DATA EXTRACT:
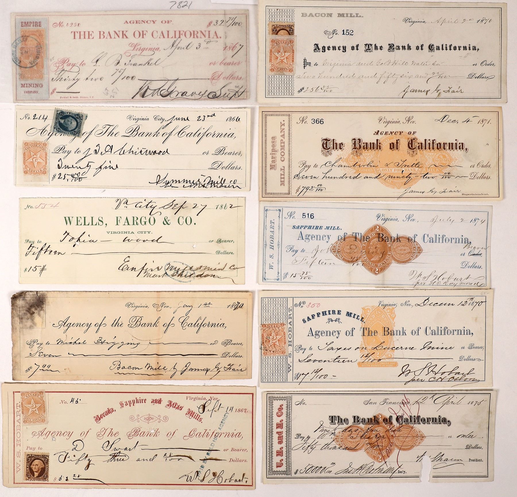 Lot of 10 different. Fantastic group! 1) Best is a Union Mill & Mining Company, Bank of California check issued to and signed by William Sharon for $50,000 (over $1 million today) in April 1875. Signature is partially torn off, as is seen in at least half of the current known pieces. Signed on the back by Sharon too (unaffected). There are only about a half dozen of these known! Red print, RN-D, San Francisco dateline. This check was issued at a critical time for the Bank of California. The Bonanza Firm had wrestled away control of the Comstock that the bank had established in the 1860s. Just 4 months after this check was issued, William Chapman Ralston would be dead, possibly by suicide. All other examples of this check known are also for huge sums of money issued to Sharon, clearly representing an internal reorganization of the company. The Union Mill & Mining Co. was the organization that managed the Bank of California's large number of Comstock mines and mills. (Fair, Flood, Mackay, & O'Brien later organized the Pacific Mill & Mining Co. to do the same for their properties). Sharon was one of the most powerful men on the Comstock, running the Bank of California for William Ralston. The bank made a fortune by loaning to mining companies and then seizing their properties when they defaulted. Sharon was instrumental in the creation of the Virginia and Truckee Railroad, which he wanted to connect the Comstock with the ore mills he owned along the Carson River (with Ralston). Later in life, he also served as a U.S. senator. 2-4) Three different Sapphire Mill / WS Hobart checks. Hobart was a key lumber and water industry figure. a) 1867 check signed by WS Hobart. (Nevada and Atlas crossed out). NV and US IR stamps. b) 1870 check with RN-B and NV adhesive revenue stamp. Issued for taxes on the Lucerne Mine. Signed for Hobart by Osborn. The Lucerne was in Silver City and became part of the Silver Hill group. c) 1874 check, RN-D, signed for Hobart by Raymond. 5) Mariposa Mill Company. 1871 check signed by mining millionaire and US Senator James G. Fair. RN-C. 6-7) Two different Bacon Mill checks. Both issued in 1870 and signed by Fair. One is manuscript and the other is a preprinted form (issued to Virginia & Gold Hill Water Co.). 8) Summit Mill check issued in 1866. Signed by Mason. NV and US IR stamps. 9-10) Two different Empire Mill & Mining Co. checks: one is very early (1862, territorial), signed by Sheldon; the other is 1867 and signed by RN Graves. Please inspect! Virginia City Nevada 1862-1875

* * *

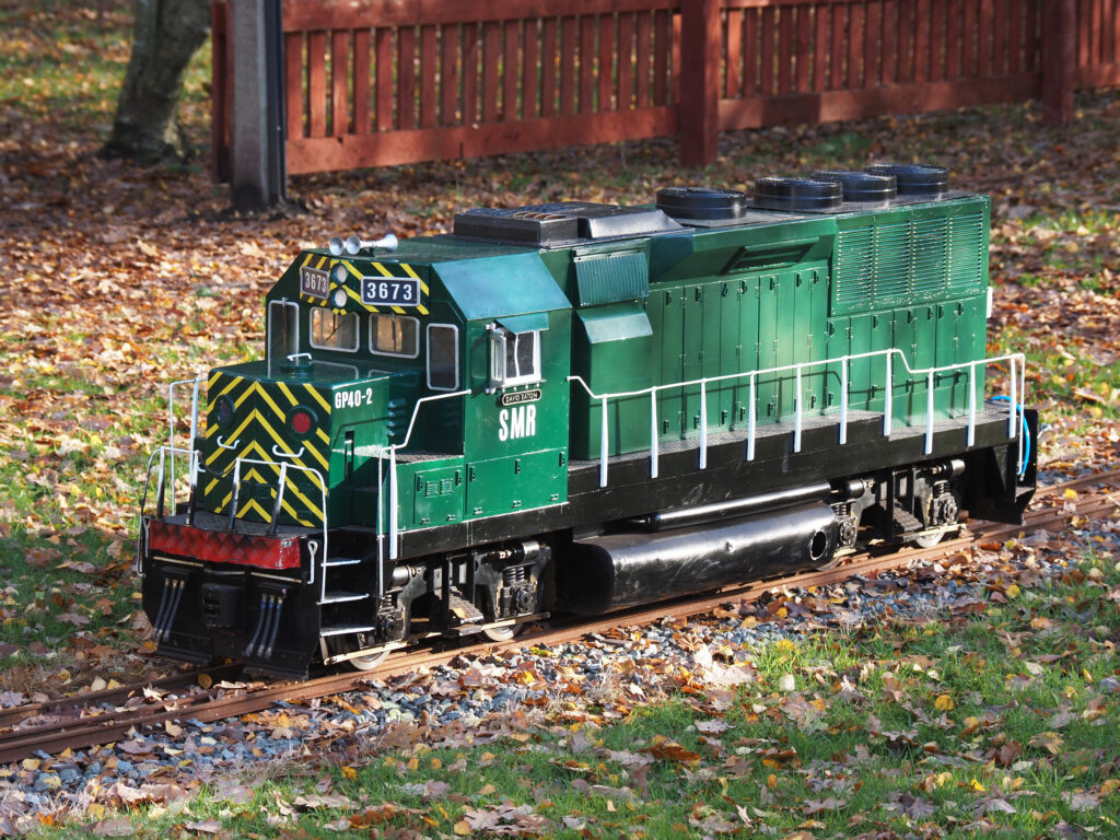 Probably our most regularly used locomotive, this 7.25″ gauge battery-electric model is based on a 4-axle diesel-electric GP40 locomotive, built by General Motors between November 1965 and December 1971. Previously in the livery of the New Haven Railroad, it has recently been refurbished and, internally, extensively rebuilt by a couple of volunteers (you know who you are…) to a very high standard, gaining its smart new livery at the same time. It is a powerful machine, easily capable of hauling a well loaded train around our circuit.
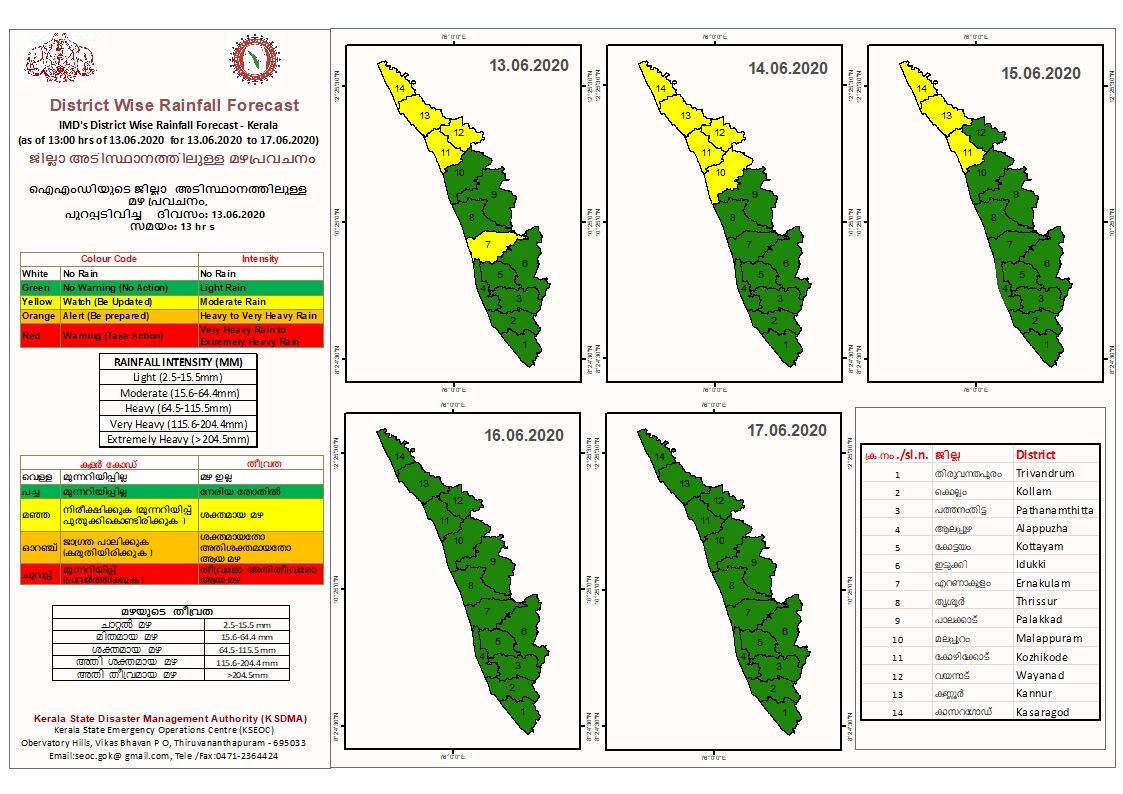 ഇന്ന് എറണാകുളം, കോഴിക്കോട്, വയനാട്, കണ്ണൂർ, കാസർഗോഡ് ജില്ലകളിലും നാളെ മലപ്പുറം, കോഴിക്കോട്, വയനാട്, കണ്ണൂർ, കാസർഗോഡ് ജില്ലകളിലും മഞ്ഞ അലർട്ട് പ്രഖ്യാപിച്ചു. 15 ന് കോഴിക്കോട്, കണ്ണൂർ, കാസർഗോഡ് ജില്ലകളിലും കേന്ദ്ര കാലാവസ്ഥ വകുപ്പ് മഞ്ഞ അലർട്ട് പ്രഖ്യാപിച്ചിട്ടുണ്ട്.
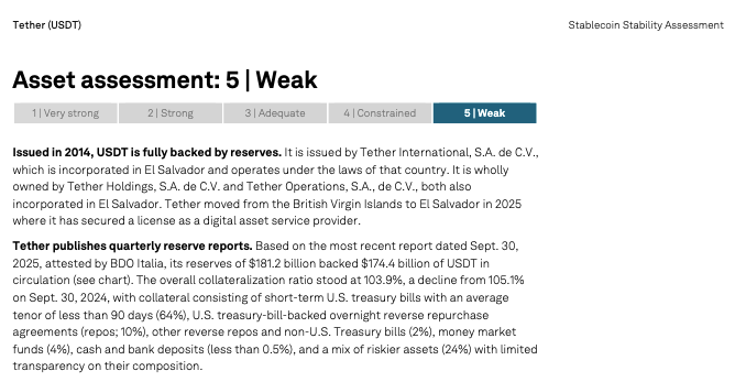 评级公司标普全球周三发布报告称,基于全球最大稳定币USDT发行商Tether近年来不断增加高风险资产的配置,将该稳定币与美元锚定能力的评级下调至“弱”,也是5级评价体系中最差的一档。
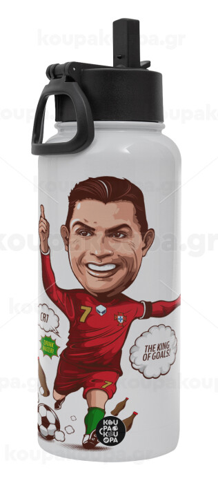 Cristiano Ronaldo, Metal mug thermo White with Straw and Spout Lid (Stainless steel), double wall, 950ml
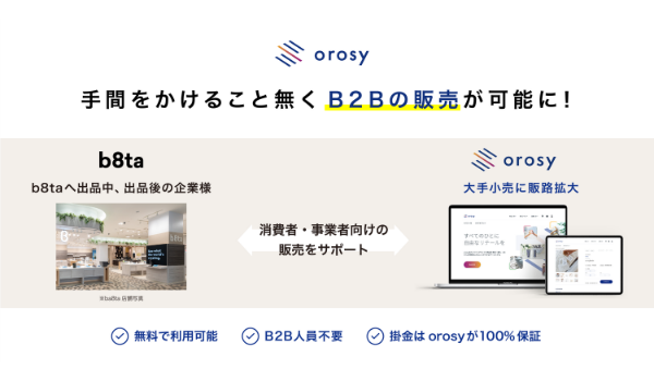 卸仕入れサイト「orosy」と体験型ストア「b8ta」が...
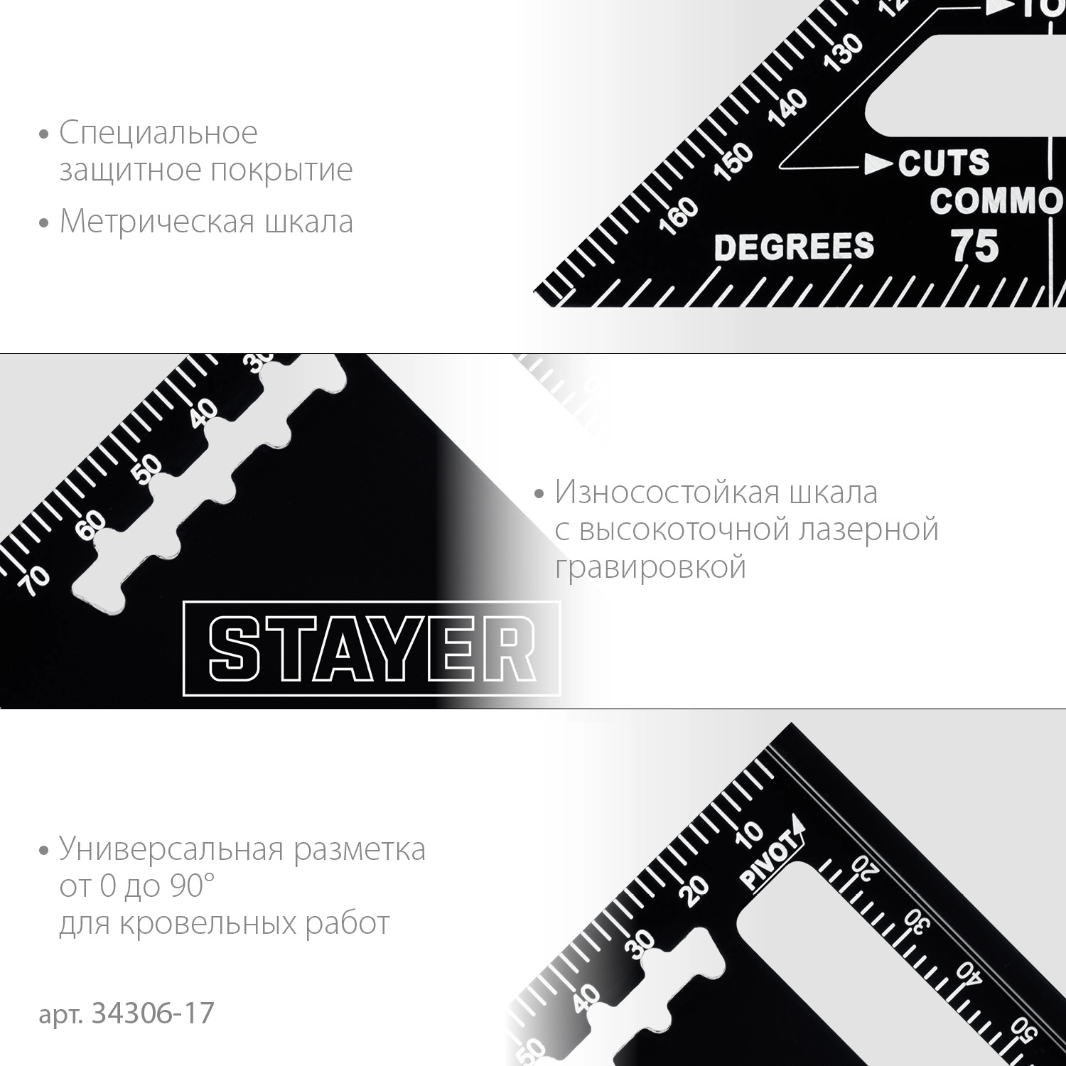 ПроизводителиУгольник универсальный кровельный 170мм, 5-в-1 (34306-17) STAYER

EXERCISE: Return exactly the stretch above whose first line contains "卸仕入れサイト「orosy」と体験型ストア「b8ta」が..." and whose last line contains "ПроизводителиУгольник универсальный кровельный", and nothing outside it. The pictures should not appear.

EXERCISE OUTPUT:
 卸仕入れサイト「orosy」と体験型ストア「b8ta」が...
 ПроизводителиУгольник универсальный кровельный 170мм, 5-в-1 (34306-17) STAYER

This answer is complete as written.